Jung L J, Chan C F, Glazer A N
Department of Molecular and Cell Biology, University of California, Berkeley 94720, USA.
J Biol Chem. 1995 May 26;270(21):12877-84. doi: 10.1074/jbc.270.21.12877.
The rod substructures of the Anabaena sp. PCC 7120 phycobilisome contain the light harvesting proteins C-phycocyanin and phycoerythrocyanin (PEC). Even at low light intensities, PEC represents no more than 5% of the phycobilisome protein. The beta subunits of both proteins carry thioether-linked phycocyanobilin (PCB) at beta-Cys-82 and beta-Cys-155; however, C-phycocyanin has PCB at alpha-Cys-84 whereas PEC alpha subunit carries phycobiliviolin at this position. The Anabaena sp. PCC 7120 pec operon is made up of five genes. PecB and pecA encode the beta and alpha subunits of PEC, pecC encodes a linker polypeptide associated with PEC in the rod substructure, and pecE and pecF are genes of unknown function that show a high degree of homology to cpcE and cpcF, that encode a C-phycocyanin alpha subunit PCB lyase (Fairchild, C. D., Zhao, J., Zhou, J., Colson, S. E., Bryant, D. A., and Glazer, A. N. (1992) Proc. Natl. Acad. Sci. U.S.A. 89, 7017-7021). Insertional mutants in pecE and pecF, and an interposon mutant in which a portion of both pecE and pecF was deleted, were constructed. All three types of mutants grew 1.3 times slower than wild-type under limiting light conditions and showed a 20% reduction in the PCB content of whole cells relative to chlorophyll alpha. Holo-PEC was missing from the phycobilisomes of all three types of mutants and the level of the PEC linker polypeptide was reduced relative to the wild-type. However, approximately 30% of the wild-type level of the PEC beta subunit was present in all of these phycobilisomes. In contrast, the PEC alpha subunit was barely detectable in the pecE and pecF mutants, but was present in the pecEF deletion mutant as a PCB-adduct in a 1:1 ratio with the PEC beta subunit. The identity of this "unnatural" adduct was confirmed by isolation of the subunit and amino-terminal sequencing. These biochemical results support the inference that pecE and pecF encode a PEC alpha subunit phycobiliviolin lyase, and, in conjunction with earlier findings, demonstrate that phycobiliprotein bilin lyases show high selectivity (rather than absolute specificity) for both the bilin and the polypeptide substrate.
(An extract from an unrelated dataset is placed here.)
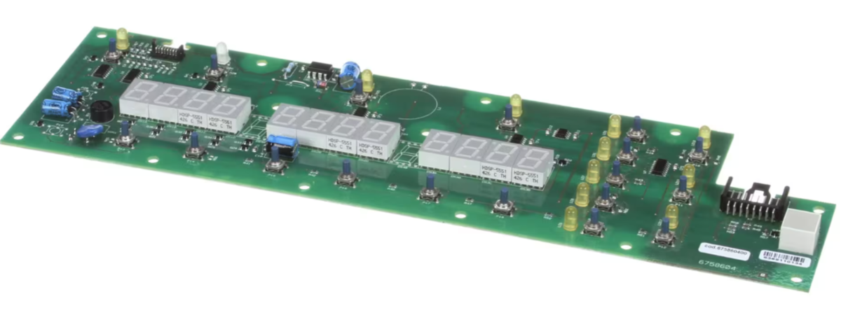 Electrolux Professional 675860400, 6369110134 User Interface Board ? a genuine OEM control board designed to manage and display user commands for professional Electrolux appliances. This user interface board ensures precise control, smooth operation, and responsive feedback, allowing operators to easily adjust and monitor cooking or processing parameters. Built for reliability and long-term use in demanding commercial environments.

鱼腥藻PCC 7120藻胆体的杆状亚结构包含光捕获蛋白C-藻蓝蛋白和藻红胆素蛋白(PEC)。即使在低光照强度下,PEC也仅占藻胆体蛋白的5% 。这两种蛋白的β亚基在β-Cys-82和β-Cys-155处携带硫醚连接的藻蓝胆素(PCB);然而,C-藻蓝蛋白在α-Cys-84处有PCB,而PEC的α亚基在此位置携带藻胆紫素。鱼腥藻PCC 7120的pec操纵子由五个基因组成。PecB和pecA编码PEC的β和α亚基,pecC编码与杆状亚结构中的PEC相关的连接多肽,pecE和pecF是功能未知的基因,与编码C-藻蓝蛋白α亚基PCB裂合酶的cpcE和cpcF具有高度同源性(Fairchild, C. D., Zhao, J., Zhou, J., Colson, S. E., Bryant, D. A., and Glazer, A. N. (1992) Proc. Natl. Acad. Sci. U.S.A. 89, 7017 - 7021)。构建了pecE和pecF的插入突变体以及一个同时缺失pecE和pecF部分序列的插入子突变体。在限制光照条件下,所有这三种类型的突变体生长速度比野生型慢1.3倍,并且相对于叶绿素α,全细胞中的PCB含量降低了20% 。所有这三种类型的突变体的藻胆体中均缺失全藻胆素蛋白PEC,并且PEC连接多肽的水平相对于野生型有所降低。然而,在所有这些藻胆体中都存在约30%野生型水平的PECβ亚基。相比之下,在pecE和pecF突变体中几乎检测不到PECα亚基,但在pecEF缺失突变体中,它以与PECβ亚基1:1的比例作为PCB加合物存在。通过亚基分离和氨基末端测序证实了这种“非天然”加合物的身份。这些生化结果支持了pecE和pecF编码PECα亚基藻胆紫素裂合酶的推断,并且与早期发现一起,证明了藻胆蛋白胆素裂合酶对胆素和多肽底物都具有高选择性(而非绝对特异性)。